Caring for a 'golden goose' Airport strategy: Developing plan for BWI business corridor is necessary and timely.

April 07, 1997

IF THERE IS A GOOSE in Anne Arundel County capable of laying golden eggs, it is the area surrounding Baltimore-Washington International Airport. BWI Business Partnership's desire to assemble a strategic plan for this important area could not be more timely.

While the 80-square-mile area in Linthicum is far from saturated, poorly planned building could do considerable damage to the businesses already in place and destroy the allure for those seeking to locate near BWI. The Business Partnership's preliminary statement indicates that its primary concerns are improving the transportation infrastructure and developing a system of flexible zoning.

Focusing on transportation is appropriate. Without the convergence of various transportation systems -- roads, rail and air -- this area would not be as attractive to business. Maintaining and improving the network of roads, freight and passenger rail lines and the airport must continue as a top priority.

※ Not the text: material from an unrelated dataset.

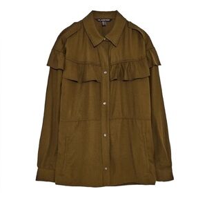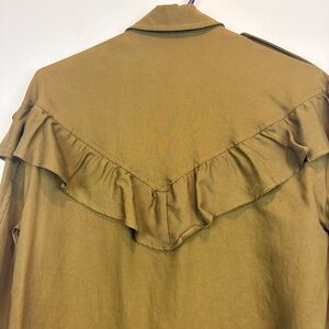 Stylish khaki utility jacket with ruffle accents. Ideal for layering.

Most of the major highways are in place and operating, with the exception of a small stretch of Route 32 near the National Security Agency. As more businesses locate in the area, local feeder roads will need upgrading. Finding the money to finance these improvements will be a challenge. Considering the budget constraints of local and state governments, any ideas from this group would be most welcome.

Development has been able to flourish under the current zoning. The BWI Business Partnership correctly recognizes that circumstances have changed.

As commercial and business development fills in the acreage around the airport, a more urban-styled, regulatory scheme for land use is needed. The group advocates mixed-use zoning, allowing a wide variety of enterprises to locate in the area.

The only caveat we offer about the vision statement is its call for expedited permitting. Speed is not the only issue. Maintaining quality is critical, too. Creating an efficient and expeditious regulatory process is desirable as long as the process doesn't become a rubber-stamp of every development proposal.

A few poorly placed, poorly conceived project could set back the attempt to coax more eggs from this goose.